** Opening Supplied data block **

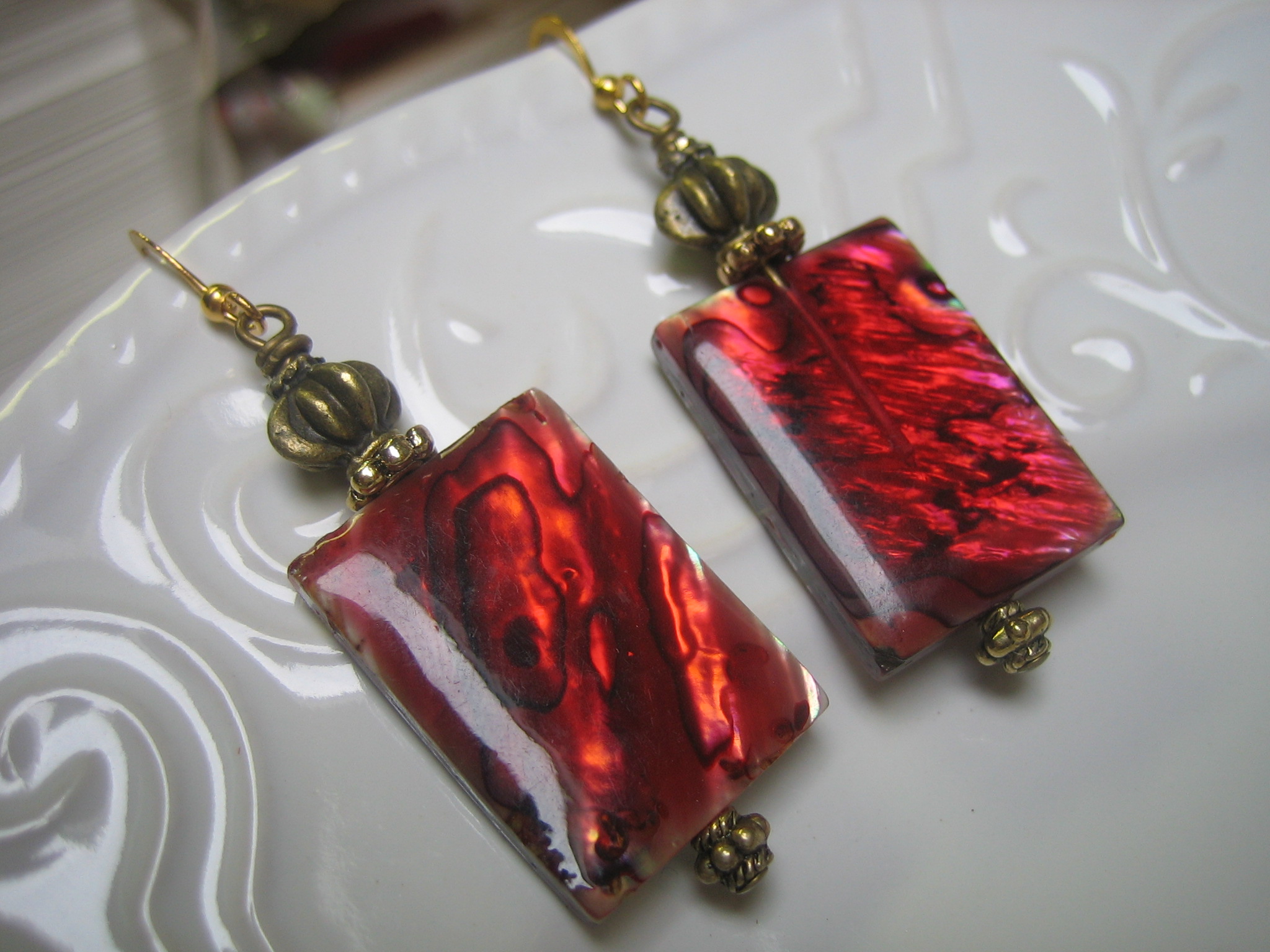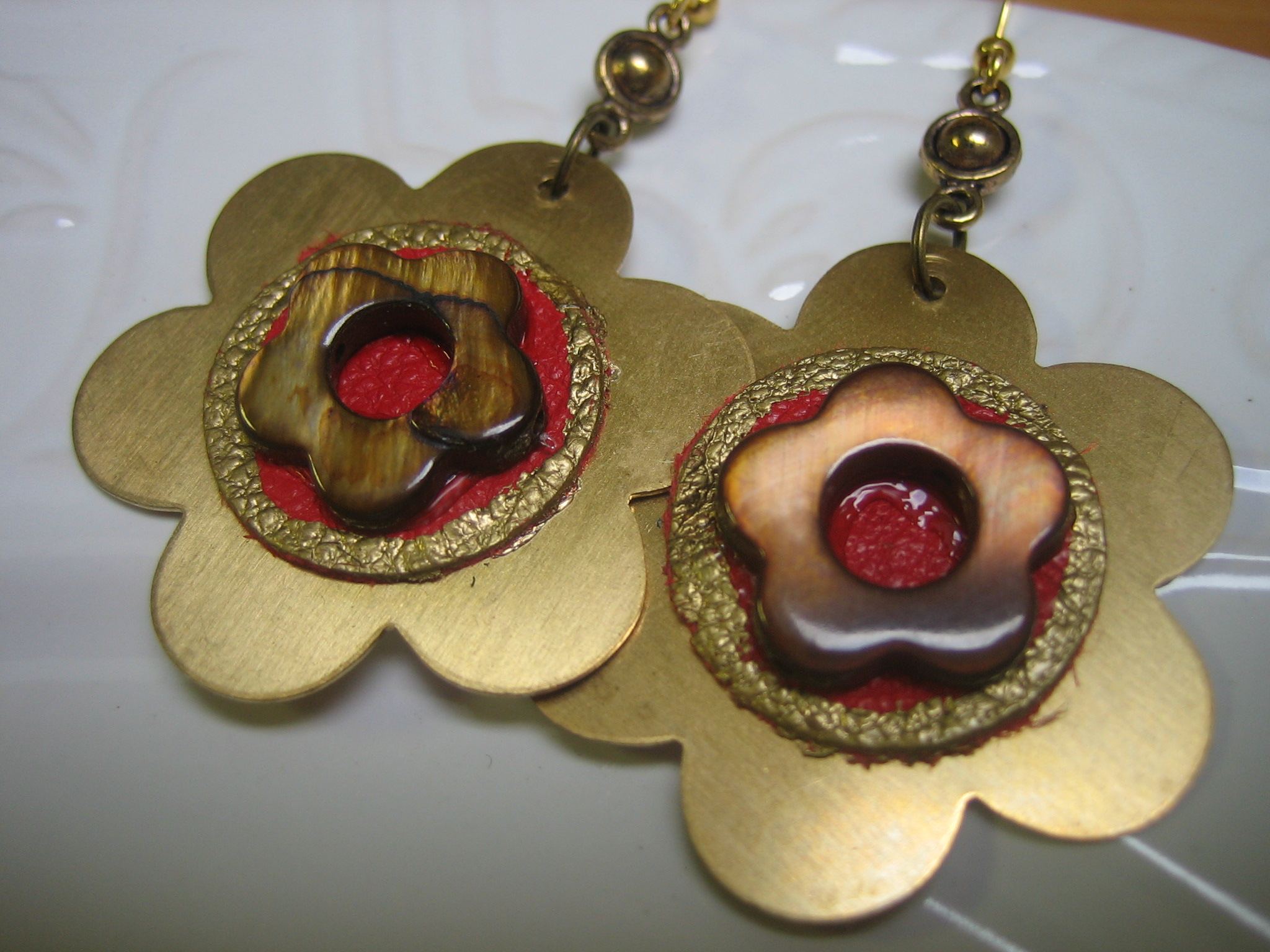 red abalone shell and brass earrings with 18K gold plated earwires
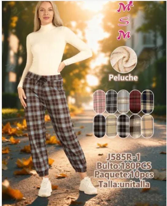 Pantalón de felpa con estampado de cuadros para mujer-J585R-1
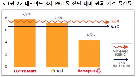 업체별 작년 동기 대비 PB상품 가격 증감률은 롯데마트(7.9%), 이마트(7.3%), 홈플러스(4.5%) 순으로 각각 조사됐다.

** Closing Supplied data block **

Exercise brief => Extract the full listing above verbatim; pictures are to be left out of the copy.

Task answer =>
 red abalone shell and brass earrings with 18K gold plated earwires
 Pantalón de felpa con estampado de cuadros para mujer-J585R-1
 업체별 작년 동기 대비 PB상품 가격 증감률은 롯데마트(7.9%), 이마트(7.3%), 홈플러스(4.5%) 순으로 각각 조사됐다.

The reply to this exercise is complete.